Second, have you ever spilled some coffee and came back later after it's dried and you noticed the perimeter of the stain is darker? If not, check out the picture below. The explanation for this behavior is pinning. As the drop of coffee dries, the three-phase line remains pinned or static. As the drop loses volume through evaporation, the particulates in the liquid ride down and are deposited along the contact line. This accounts for the disproportionate concentration of dried coffee along the perimeter of the stain.
The converse of pinning is dewetting. As shown below, dewetting results in a reduction in the diameter of the three-phase line as drop volume decreases. However, what really often happens as drop volume is reduced, even when there appears to be dewetting, is the three-phase line does not smoothly contract at a steady pace. Rather, the contraction can be described as a series of slips and sticks. Observing this behavior can be facilitated with a high speed camera option which can capture the successions of pinning and dewetting behaviors on a drop that is losing or gaining volume. These types of experiments can also be greatly automated with the ramé-hart Automated Dispensing System which can be programmed to add and remove volume in precise steps as small as 0.02µl.
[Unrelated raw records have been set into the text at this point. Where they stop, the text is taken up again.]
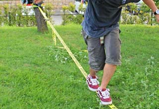 5cm幅のベルト状のラインを利用したスポーツなのですが、体幹・バランス能力が鍛えられることから各スポーツのトレーニング現場にも導入され、その効果が認知されるようになってきています。
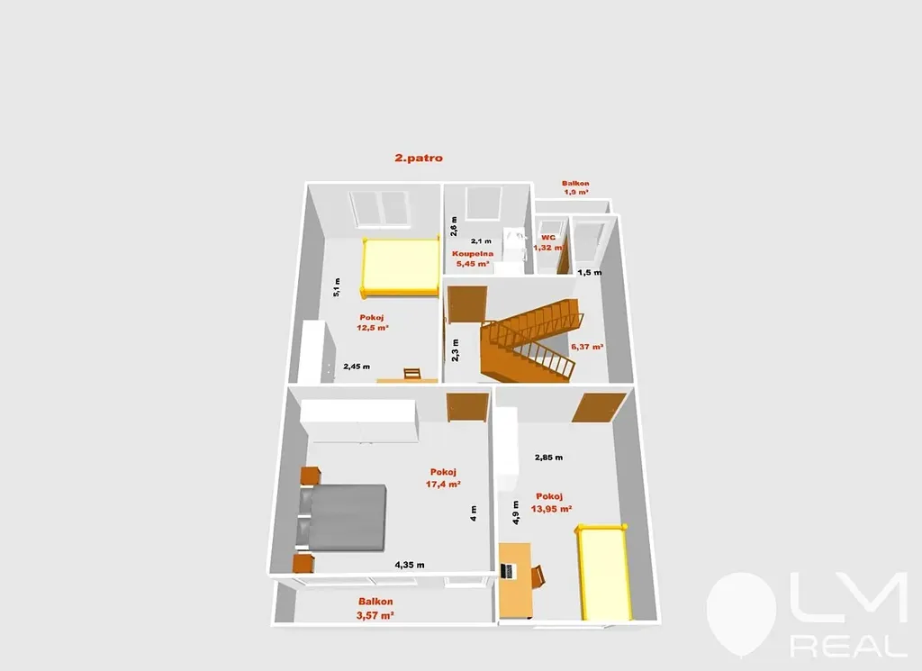 3.NP dvě ložnice, koupelna, samostatné WC
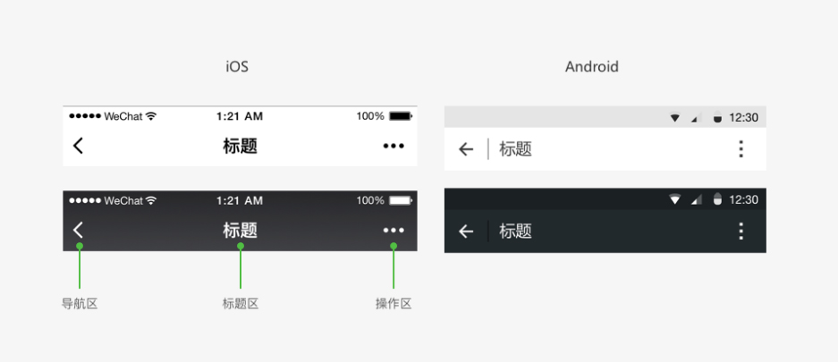 微信導航欄分為導航區域、標題區域以及操作區域。其中導航區控制程序頁面進程。目前導航欄分深淺兩種基本配色,在iOS和Android展示有所不同,如下圖所示:

Third, researchers working on new superhydrophobic materials like to study the Cassie-to-Wenzel transition via the contact angle. In the Cassie State, the drop sits above the asperities with air voids in the nooks and crannies below. In some cases, the liquid will slip off the peaks and begin to occupy the valleys below marking the start of the Cassie-to-Wenzel transition. See graphic below. This activity typically begins at the center of the drop and propagates out toward the three-phase line, even extending beyond the contact line in some cases. The entire transition from Cassie to Wenzel can happen in a few milliseconds. Since the apparent contact angle changes significantly between the two states, researchers often use change in contact angle to identify this transition. By capturing the transition at high speed, researchers can learn more about the different wetting states and the dynamics of the transition from one wetting state to another.
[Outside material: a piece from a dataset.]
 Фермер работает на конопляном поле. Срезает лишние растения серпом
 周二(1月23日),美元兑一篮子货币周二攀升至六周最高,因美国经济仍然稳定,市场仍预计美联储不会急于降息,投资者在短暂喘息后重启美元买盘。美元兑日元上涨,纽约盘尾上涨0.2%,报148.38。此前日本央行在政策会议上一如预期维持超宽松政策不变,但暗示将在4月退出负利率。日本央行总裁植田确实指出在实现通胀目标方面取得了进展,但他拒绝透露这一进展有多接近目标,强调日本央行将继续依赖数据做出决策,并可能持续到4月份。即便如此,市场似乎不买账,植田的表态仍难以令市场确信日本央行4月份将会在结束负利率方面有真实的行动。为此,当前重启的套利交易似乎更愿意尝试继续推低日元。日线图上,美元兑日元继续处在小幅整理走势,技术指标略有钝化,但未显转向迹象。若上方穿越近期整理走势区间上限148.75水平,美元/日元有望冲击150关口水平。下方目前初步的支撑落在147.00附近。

Fourth, another study that benefits from high-speed video capture is absorption. In the case of semi-porous materials, a liquid sessile drop may exhibit contact angle that decreases as a function of time and in proportion to the rate of absorption. The faster the rate of absorption is, the faster the camera must be to accurately measure the change.
There are myriad other applications for high-speed video but, in short, high-speed video is particularly beneficial to researchers who wish to better understand and characterize surfaces which exhibit dynamic wetting behavior as a result of absorption, evaporation, wicking, or changing from Cassie to Wenzel wetting states. Moreover, a wide spectrum of additional studies can be conducted at high speeds - including dynamic surface tension and interfacial tension measurements as well as oscillatory studies used to understand surface dilatational elasticity and viscosity.
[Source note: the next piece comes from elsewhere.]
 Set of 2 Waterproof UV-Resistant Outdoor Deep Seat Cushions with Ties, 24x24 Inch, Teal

The first new ramé-hart high-speed upgrade kit will increase the speed of any new Model 250, 290, 500, or 590 from 60-70 fps (frames per second) to 210 fps. The kit includes not only a high speed GigE digital camera but also a high-performance workstation with upgraded processor and additional memory which are necessary to process data collection and processing at high speeds. Currently, that system is a Dell Precision T1500 with an Intel Dual Core Processor i5-650 (3.2GHz with 4MB Cache), 4GB Memory, 320GB Hard Drive, 128GB SSD Drive, a secondary Intel PRO/1000 NIC, and Windows 7 Professional 64-bit. Over time this configuration may be upgraded or changed. The advanced workstation, high-speed camera and DROPimage Advanced v2.5 provide the perfect platform for high-speed dynamic studies. Order p/n 100-12-G1 if you are also purchasing a new Model 250, 260, 290, 500, or 590 and wish to upgrade to high speed. Use p/n 100-12-G1-UPG to upgrade a recent F1 or F4 Series instrument. Older systems can also be upgraded but may need additional parts. Please contact us for pricing and details.
In addition to the new 210
fps High Speed Upgrade Kit, we also have a more affordable 120 fps High
Speed Upgrade Kit, p/n 100-12-F3. This kit upgrades the camera on any
new system with DROPimage Advanced to our F3 Series digital camera with
FireWire interface and speeds up to 120 fps. No PC processor or memory
upgrades are included or necessary to achieve speeds at approximately
double our standard speed. Older systems can also be upgraded. Please
us for pricing and details.
|The New F4 Series Camera|
We've been making a lot of changes to our camera lineup this month. In addition to the high speed upgrade options detailed above, we also upgraded our standard camera which is included with all of our system (except Model 190). For some years we've been using our F1 Series camera as our standard. We've replaced F1 with the new F4 Series camera. It's 16.7% faster at 70 fps (compared to F1's 60 fps) and uses a high-density connector which reduces the chance of damage to the camera if the cable suffers an impact. The imaging upgrade kits (click here to see) also use the new F4 Series camera. We're happy to announce that all of our instruments will begin to ship with the F4 camera this month and are available with no increase in price.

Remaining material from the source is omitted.